Personal information
- National team: United States
- Born: January 14, 1914 Indianapolis, Indiana, U.S.
- Died: February 9, 1997 (aged 83) Orlando, Florida, U.S.

Sport
- Sport: Swimming
- Strokes: Backstroke
- Club: Detroit Athletic Club
- College team: University of Michigan
- Coach: Matthew Mann U. Michigan

= Taylor Drysdale =

American swimmer and coach

Taylor Drysdale (January 14, 1914 – February 9, 1997) was an American competition swimmer and swimming coach. Drysdale represented the United States at the 1936 Summer Olympics in Berlin, Germany. He competed in the men's 100-meter backstroke, and finished fourth in the event final with a time of 1:09.4.
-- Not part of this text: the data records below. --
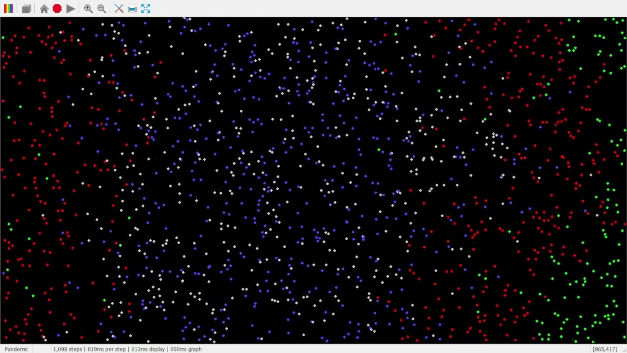 実際にパンデミックのモデルがどんな感じなのかは以下のムービーで見ることができます。緑が未感染者、赤が感染者、青が回復者、白が死者になります。
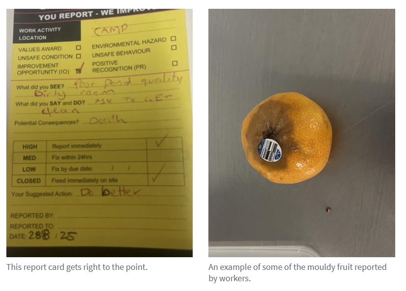 "餐食中出现幼虫显然违反了食品安全标准,并对食品处理、储存、制备以及审计标准和频率方面的疏忽提出严重关切。多名工人长期报告胃肠道疾病,我本人在上次到访时也出现相同症状,"Hill说,"卫生和食品安全标准再次降至不可接受的水平。所附照片显示2026年1月10日营地餐食中存在幼虫。这严重违背了食品安全义务,令人严重质疑营地提供安全、营养膳食的能力。"
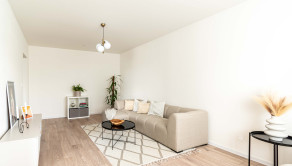 Obývacia miestnosť má dostatok priestoru na odpočinok a vďaka jej veľkosti je možné vytvoriť aj útulný pracovný kútik. Celkový dojem z miestnosti je vzdušný a funkčný, čo umožňuje harmonické prepojenie medzi relaxáciou a produktivitou.
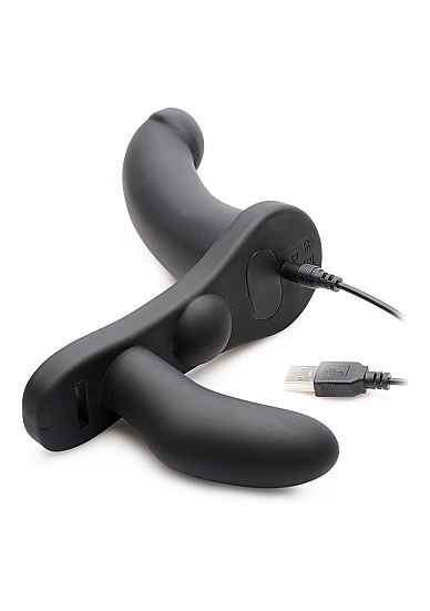 Od teraz ogranicza Cię już tylko Twoja wyobraźnia! Dwustronne dildo na uprzęży od firmy XR zostało zaprojektowane tak abyście oboje - w tym samym czasie - odczuwali przyjemność ze zdalnie sterowanych wibracji! Poznaj 3 prędkości i 7 trybów pulsacyjnych generowanych przez dwa osobne silniki - po jednym dla każdego z Was. Przełóż dłuższe dildo przez otwór w minimalistycznej uprzęży, natomiast krótsze, zakrzywione dildo umieść w pochwie i doświadcz intensywnej stymulacji Punktu G. Nieduża, okrągła wypukłość umiejscowiona tuż przed mniejszym dildo ma za zadanie ocierać się o Twoją łechtaczkę dodatkowo ją stymulując. Dłuższe dildo - przeznaczone dla Twojego partnera jest lekko wygięte dla jak najintensywniejszego podrażniania zakończeń nerwowych w Punkcie G lub Punkcie P. Pilot zdalnego sterowania ułatwia przechodzenie między 10 ustawieniami bez konieczności przerywania penetracji.Uwodzicielska uprząż posiada 2 punkty regulacji zapewniające idealne dopasowanie. Dwustronne dildo jest wykonane z najwyższej jakości silikonu bez ftalanów, dzięki czemu jest idealnie gładkie i całkowicie bezpieczne dla Twojego ciała. Produkt nie jest kompatybilny z lubrykantami silikonowymi. Ten bezprzewodowy, erotyczny gadżet z możliwością ładowania jest również całkowicie wodoodporny. Po użyciu dokładnie wyczyść przy pomocy łagodnego mydła i ciepłej wody lub środka do czyszczenia zabawek erotycznych.

Drysdale attended the University of Michigan, where he was a member of the Michigan Wolverines swimming and diving team under Hall of Fame Coach Matthew Mann in National Collegiate Athletic Association (NCAA) competition from 1932 to 1935. During his college swimming career, he won three individual NCAA national championships in the 150-yard backstroke (1932, 1934, 1935), and was also a member of Michigan's NCAA-winning teams in the 300-yard medley relay (1932, 1935) and 400-yard freestyle relay (1935).

He later earned master's degrees in nuclear physics and mathematics from the University of Michigan, joined the U.S. military, worked on the Manhattan Project, and retired from the U.S. Air Force as a colonel. He was also the manager of the 1956 U.S. Olympic swim team.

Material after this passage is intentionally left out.